En el prólogo a Poesía en movimiento —la antología de Siglo XXI editores, hoy casi
canónica—, Octavio Paz se preguntaba refiriéndose al saltillense Julio Torri
(1889-1970): “¿Por qué ha escrito tan poco?” Y enseguida se respondía él mismo
usando un ramalazo del propio Torri: “Quizá porque ha sentido como nadie el gozo irresistible de perderse, de no ser
conocido, de huir”.
Perderse, no ser conocido, huir requiere
no solamente de voluntad, también de fuerza, de sudores, porque precisa
movimiento. Para perderse, no ser
conocido, huir es necesario cambiar de aires, quitarse el nombre y ponerse
otro, trasmutar la apariencia, trocarse la rutina… Joaquín Sabina lo canta así:
“partiré de viaje enseguida / a vivir otras vidas, / a probarme otros nombres,
/ a colarme en el traje y la piel / de todos los hombres / que nunca seré…” No
se trata de la misma manera de perderse que describe Kafka (1883-1924) en el
siguiente fragmento, párrafo final de sus Consideraciones
acerca del pecado, el dolor, la esperanza y el camino verdadero: “No es
necesario que salgas de casa. Quédate a tu mesa y escucha. Ni siquiera escuches,
espera solamente.
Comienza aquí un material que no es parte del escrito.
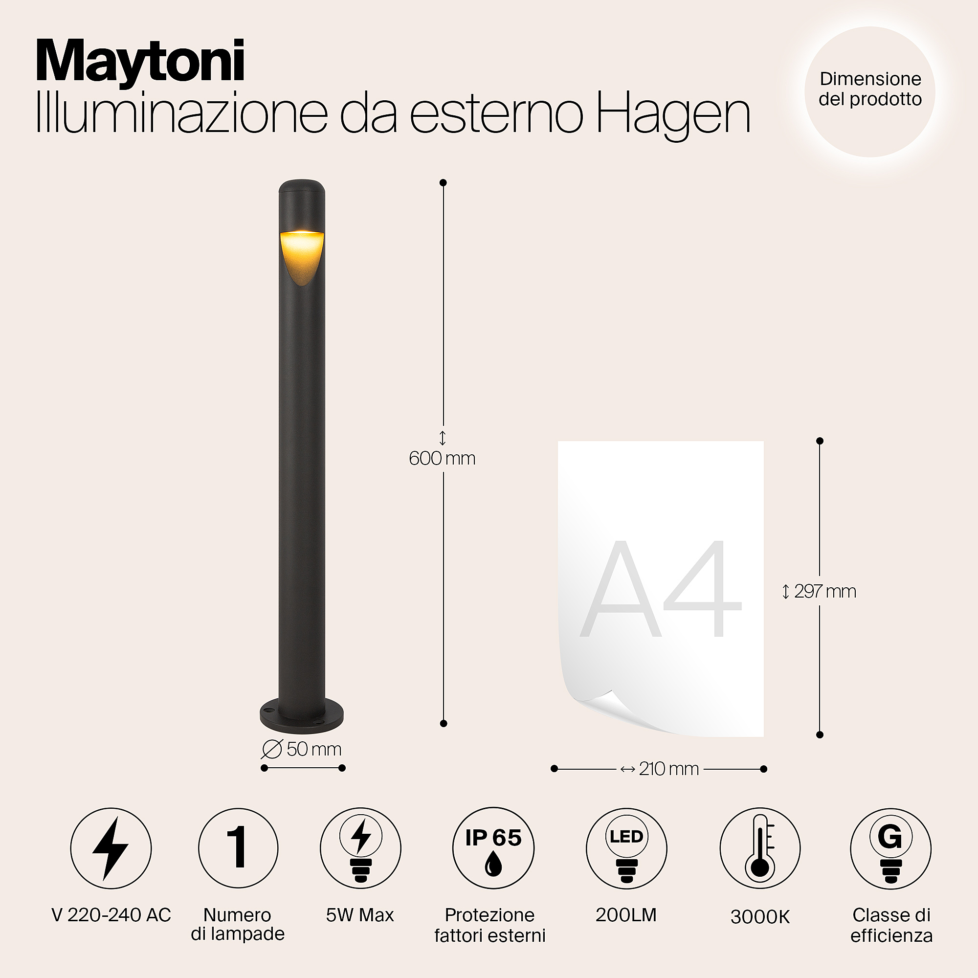 Допускается отличие страны-изготовителя, указанной в характеристиках. Линии производства могут находиться в нескольких государствах. Это не влияет на качество изготовления товара: все заводы данного бренда работают по общим стандартам, а готовые изделия проходят соответствующий контроль.Германия Коллекция Hagen ЦветЦвет арматуры графит Цвет Серый Материал арматуры Металл РазмерыВысота (мм) 600 Диаметр (мм) 50 Ширина (мм) 50 ЭлектрикаКоличество ламп (шт) 1 Цоколь LED Тип лампы Светодиодная Лампочки в комплекте Нет в комплекте Мощность лампы (Вт) 5 Напряжение (В) 220 Световой поток 200 Цветовая температура 3000 Дополнительная информацияСтепень защиты (IP) IP65 Вес (Кг) 1,02 Техническая оссобеность Полностью светодиодная -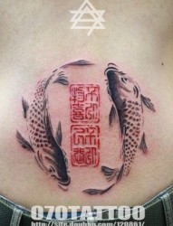 腰部唯美流行的印章汉字纹身图片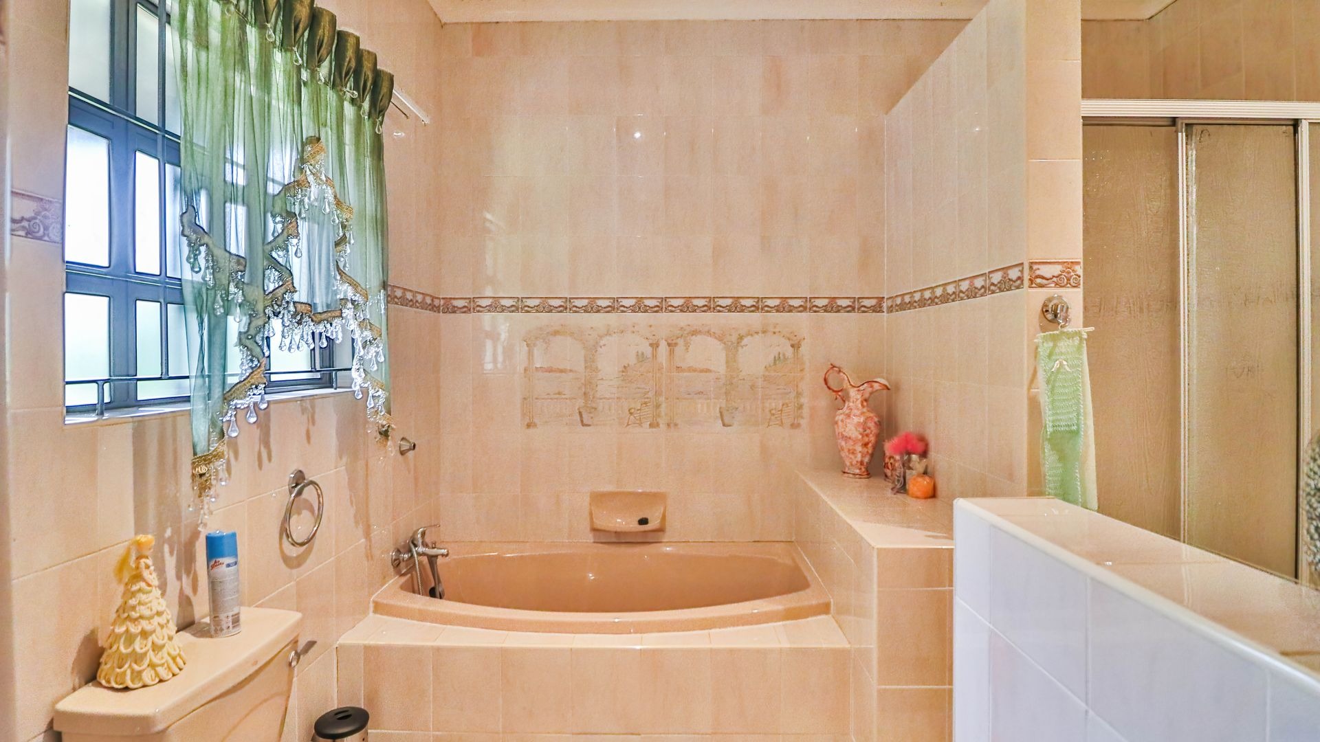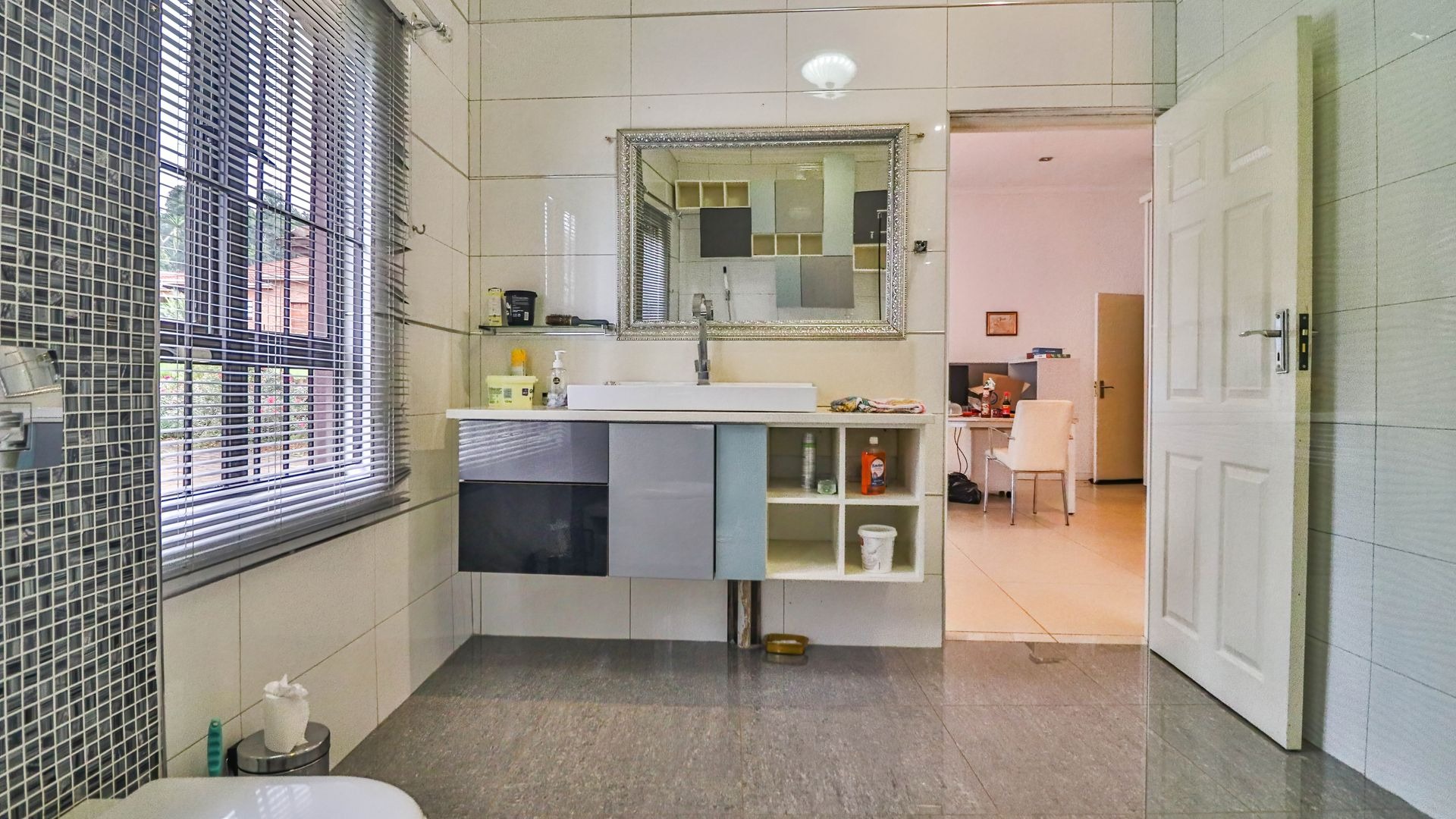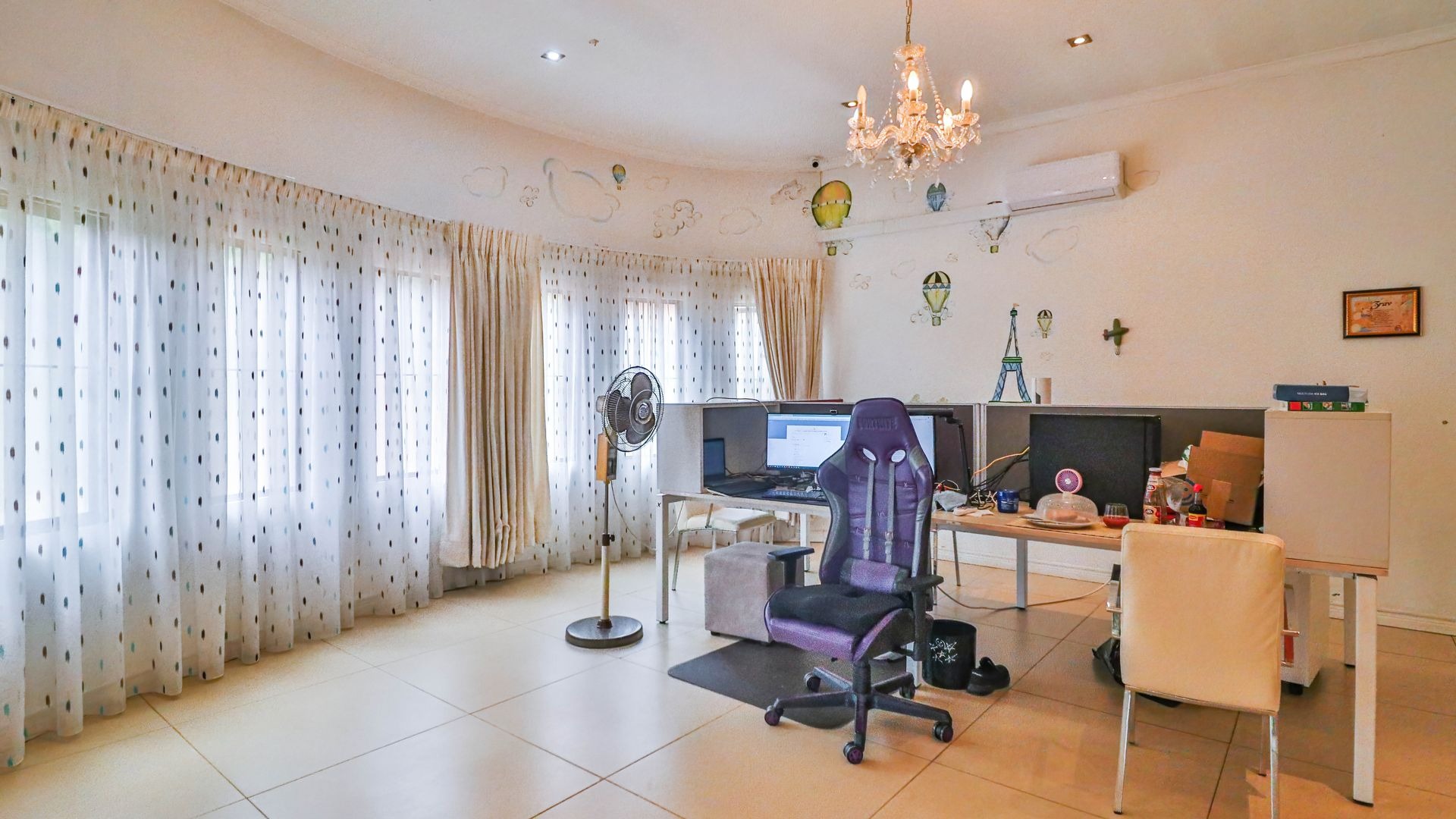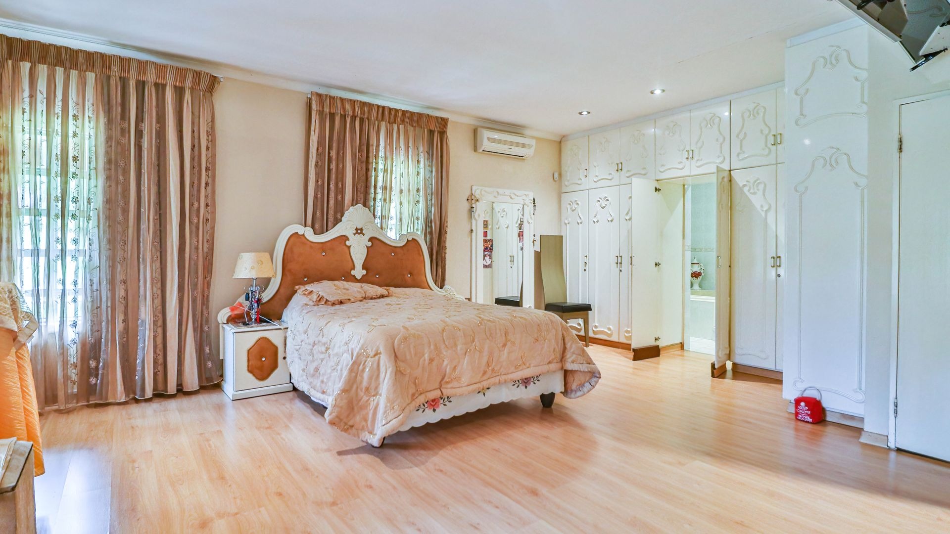 The main home features five impressive double-volume bedrooms, including two with en-suite bathrooms. The master suite boasts a luxurious Jacuzzi for added indulgence. A common bathroom and guest toilet provide convenience for family and guests.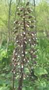 Bylina. Jest to jedna z najwcześniej kwitnących roślin, jej grube pąki wyłaniające się z gruntu można dostrzec już w marcu. Kwitnie do maja, zakwita jeszcze przed rozwojem liści. Liście i kwiaty wydzielają charakterystyczny, nieprzyjemny zapach. Owoce rozsiewane są przez wiatr, dzięki puchowi kielichowemu tworzącemu aparat lotny nieraz na duże odległości. Siedlisko: zasiedla bardzo różnorodne środowiska. Najbujniej i najobficiej jednak rozwija się w wilgotnych zaroślach nadrzecznych, nad brzegami potoków, w rowach, wąwozach, w przejrzystych i wilgotnych lasach. W niektórych miejscach tworzy duże, jednogatunkowe skupiska. W Tatrach spotykany jest do wysokości 1700 m n.p.m. Fitosocjologia: jest gatunkiem charakterystycznym dla All. Adenostylion alliariae i Ass. Petasitetum albi. Liczba chromosomów 2n= 60.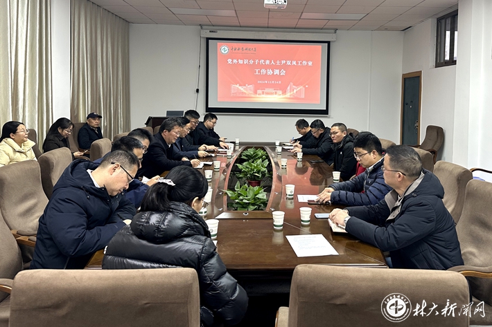 【林大网讯】(文/宣传统战部)12月24日下午,党外知识分子代表人士尹双凤工作室工作协调会在经世楼召开。副校长、农工党湖南省委副主委尹双凤出席会议。宣传统战部、学生工作部、科学研究院、人事处、化学与化工学院等相关职能部门负责人;校知联会、民盟中南林基层委员会、农工党中南林支部负责人及工作室骨干成员等20余人参加会议。会议由宣传统战部常务副部长周预分主持。

Ni siquiera esperes, quédate solo y en silencio. El mundo
llegará a ti para hacerse desenmascarar, no puede dejar de hacerlo, se prosternará
extático a tus pies.” Tal es el envite al que se aventura el protagonista de Un hombre que duerme, la novela de
Georges Perec (Impedimenta, 2012), y epígrafe atinadísimo de la misma. El joven
personaje sucumbe al gozo irresistible
de perderse, pero no a través del
movimiento, sino de su opuesto, la quietud. Un buen día, sin un antedicho qué
traer a cuento, un estudiante de Sociología decide no levantarse de la cama, no
acude al examen programado y desde entonces se deja ir: “Eres un holgazán, un
sonámbulo, una ostra. Las definiciones varían según las horas, según los días,
pero el sentido permanece más o menos claro: … no quieres más que durar, no
quieres más que la espera y el olvido…”
Georges
Perec nació en París en 1936 en el seno de una familia judía de origen polaco y
falleció cuatro días antes de cumplir 46 años. Siendo un infante, la barbarie
nazi le arrebató a su padre —muerto en el frente días antes de la rendición de
Francia— y a su madre —fulminada en Auschwitz—. El pequeño Georges vivió
escondido en Villard-de-Lans con unos tíos, quienes durante varios años, por su
seguridad, le ocultaron su origen —su apellido, Peretz, cambió a Perec—.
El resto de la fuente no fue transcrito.